> [Task details]: Lines to return, exactly: from the line with "Набор штоф капитол" to the line with "This vintage concert" in the entries below, both included.

> [Records]:

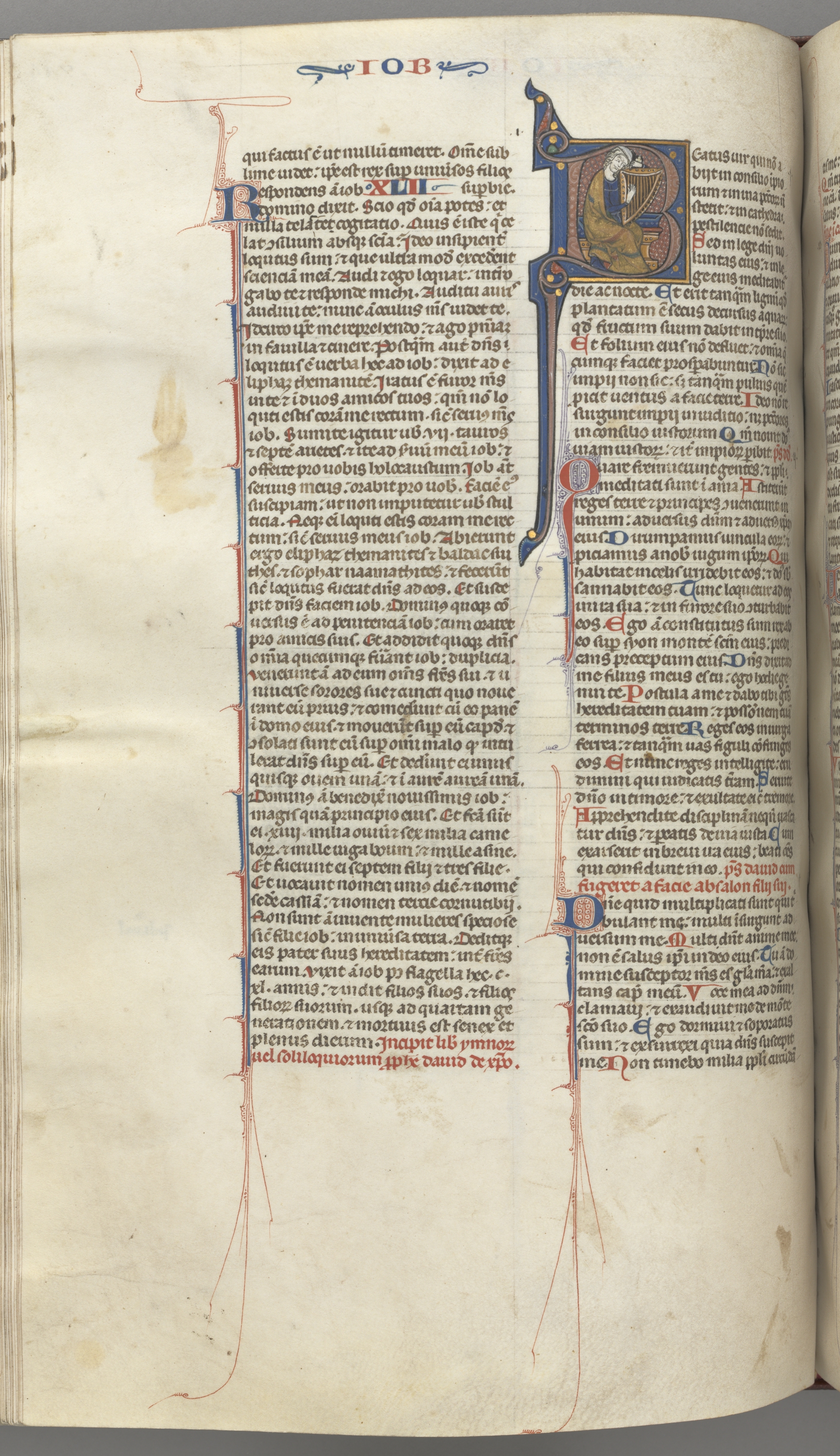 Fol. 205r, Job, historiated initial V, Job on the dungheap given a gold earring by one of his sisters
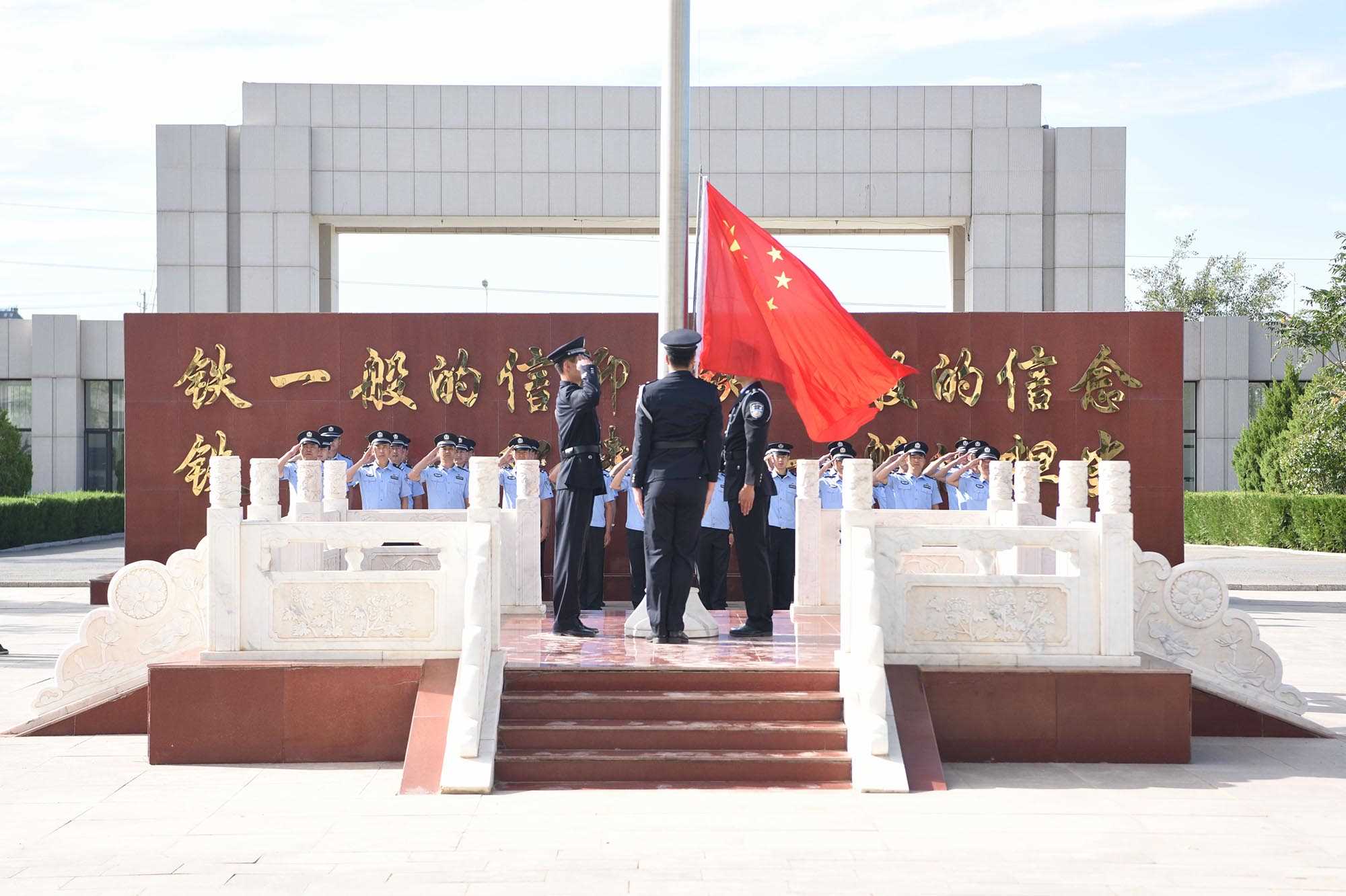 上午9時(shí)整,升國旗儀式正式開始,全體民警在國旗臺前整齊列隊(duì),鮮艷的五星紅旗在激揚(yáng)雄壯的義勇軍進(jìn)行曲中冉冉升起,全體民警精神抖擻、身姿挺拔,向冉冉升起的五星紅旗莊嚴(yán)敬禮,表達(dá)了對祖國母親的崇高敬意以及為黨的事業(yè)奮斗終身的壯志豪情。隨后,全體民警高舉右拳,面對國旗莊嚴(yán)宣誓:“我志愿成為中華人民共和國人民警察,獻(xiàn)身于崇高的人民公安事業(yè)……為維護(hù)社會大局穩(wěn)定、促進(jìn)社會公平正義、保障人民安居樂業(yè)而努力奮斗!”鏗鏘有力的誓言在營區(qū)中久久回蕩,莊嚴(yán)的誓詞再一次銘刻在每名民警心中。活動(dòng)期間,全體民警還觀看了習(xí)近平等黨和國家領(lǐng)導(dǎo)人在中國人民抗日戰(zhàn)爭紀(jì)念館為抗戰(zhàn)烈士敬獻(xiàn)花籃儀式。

...

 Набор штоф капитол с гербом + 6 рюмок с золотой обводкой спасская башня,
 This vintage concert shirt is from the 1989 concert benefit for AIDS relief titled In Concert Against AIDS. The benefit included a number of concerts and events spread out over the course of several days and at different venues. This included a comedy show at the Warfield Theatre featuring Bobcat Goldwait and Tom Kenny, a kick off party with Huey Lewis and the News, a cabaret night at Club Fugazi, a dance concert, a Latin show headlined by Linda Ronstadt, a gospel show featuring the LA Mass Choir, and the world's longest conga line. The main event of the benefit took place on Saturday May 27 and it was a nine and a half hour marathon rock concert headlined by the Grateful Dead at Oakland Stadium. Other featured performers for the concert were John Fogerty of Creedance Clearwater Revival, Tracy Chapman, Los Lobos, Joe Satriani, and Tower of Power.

> [Solution]:
 Набор штоф капитол с гербом + 6 рюмок с золотой обводкой спасская башня,
 This vintage concert shirt is from the 1989 concert benefit for AIDS relief titled In Concert Against AIDS. The benefit included a number of concerts and events spread out over the course of several days and at different venues. This included a comedy show at the Warfield Theatre featuring Bobcat Goldwait and Tom Kenny, a kick off party with Huey Lewis and the News, a cabaret night at Club Fugazi, a dance concert, a Latin show headlined by Linda Ronstadt, a gospel show featuring the LA Mass Choir, and the world's longest conga line. The main event of the benefit took place on Saturday May 27 and it was a nine and a half hour marathon rock concert headlined by the Grateful Dead at Oakland Stadium. Other featured performers for the concert were John Fogerty of Creedance Clearwater Revival, Tracy Chapman, Los Lobos, Joe Satriani, and Tower of Power.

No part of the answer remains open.